Please keep pictures out and return the lines below exactly, from the one holding "Fırın ustaları tarafından" through the last, both included.

Data –

# # # #

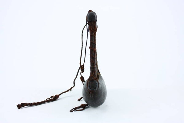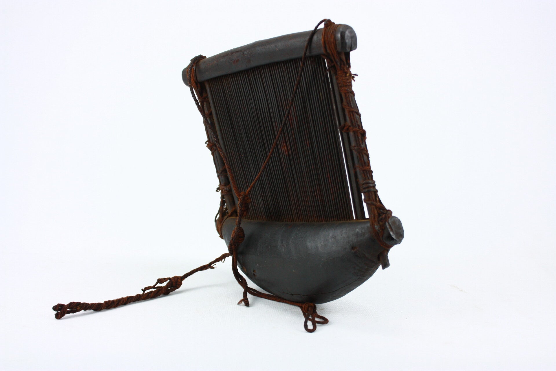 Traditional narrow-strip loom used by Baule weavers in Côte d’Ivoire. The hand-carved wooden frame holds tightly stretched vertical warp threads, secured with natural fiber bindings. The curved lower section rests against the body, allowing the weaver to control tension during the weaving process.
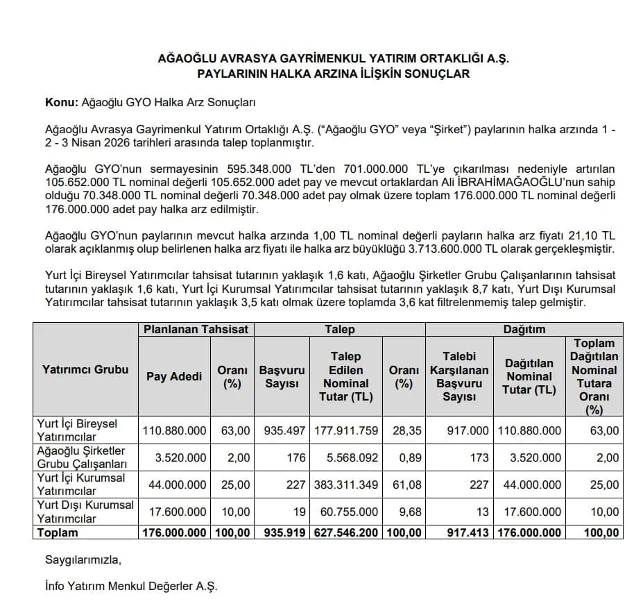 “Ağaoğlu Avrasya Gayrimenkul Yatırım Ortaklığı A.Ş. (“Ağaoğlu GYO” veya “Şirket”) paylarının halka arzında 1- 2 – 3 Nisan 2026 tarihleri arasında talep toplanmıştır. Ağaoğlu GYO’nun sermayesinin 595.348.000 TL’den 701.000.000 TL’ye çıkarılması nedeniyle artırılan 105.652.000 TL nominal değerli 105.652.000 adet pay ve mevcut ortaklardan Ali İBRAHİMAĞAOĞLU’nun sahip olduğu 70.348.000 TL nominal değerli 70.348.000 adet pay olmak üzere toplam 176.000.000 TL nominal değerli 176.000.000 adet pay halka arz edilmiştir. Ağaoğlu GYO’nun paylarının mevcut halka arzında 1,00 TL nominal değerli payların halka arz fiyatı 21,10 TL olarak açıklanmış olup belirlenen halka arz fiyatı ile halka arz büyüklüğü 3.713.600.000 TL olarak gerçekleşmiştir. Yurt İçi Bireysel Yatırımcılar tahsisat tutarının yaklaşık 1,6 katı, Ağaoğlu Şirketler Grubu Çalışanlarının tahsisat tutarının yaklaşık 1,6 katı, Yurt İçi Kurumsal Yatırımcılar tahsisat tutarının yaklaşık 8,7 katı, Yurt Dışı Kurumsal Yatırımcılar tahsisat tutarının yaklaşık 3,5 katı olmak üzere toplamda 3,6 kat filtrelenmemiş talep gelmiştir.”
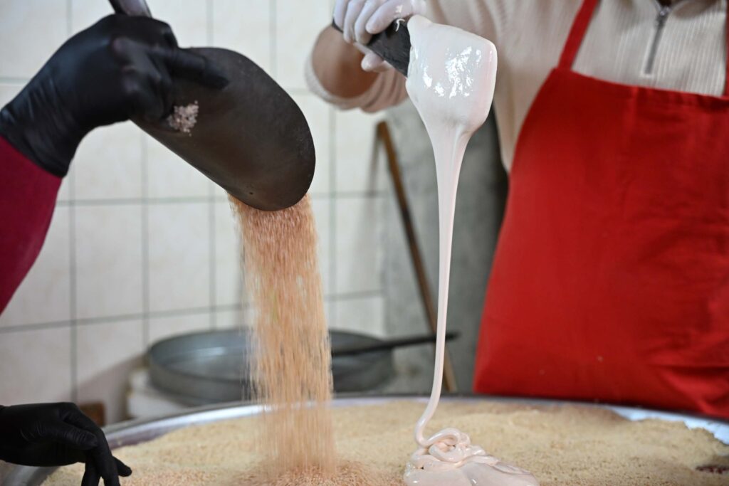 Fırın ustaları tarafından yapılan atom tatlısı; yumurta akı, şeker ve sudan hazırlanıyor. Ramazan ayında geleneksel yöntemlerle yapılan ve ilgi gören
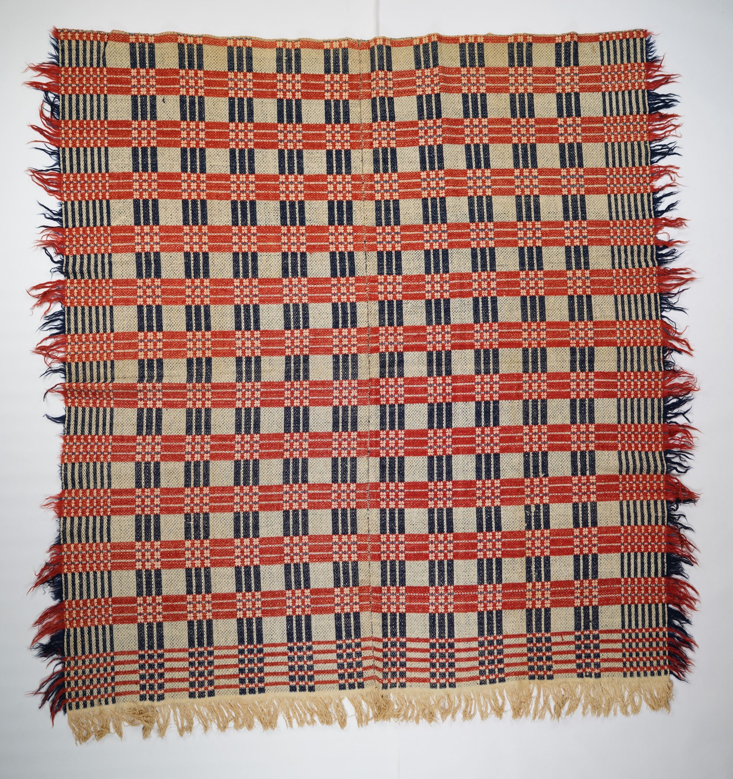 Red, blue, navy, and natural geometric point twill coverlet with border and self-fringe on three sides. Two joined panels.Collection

# # # #

Exercise response –
 Fırın ustaları tarafından yapılan atom tatlısı; yumurta akı, şeker ve sudan hazırlanıyor. Ramazan ayında geleneksel yöntemlerle yapılan ve ilgi gören
 Red, blue, navy, and natural geometric point twill coverlet with border and self-fringe on three sides. Two joined panels.Collection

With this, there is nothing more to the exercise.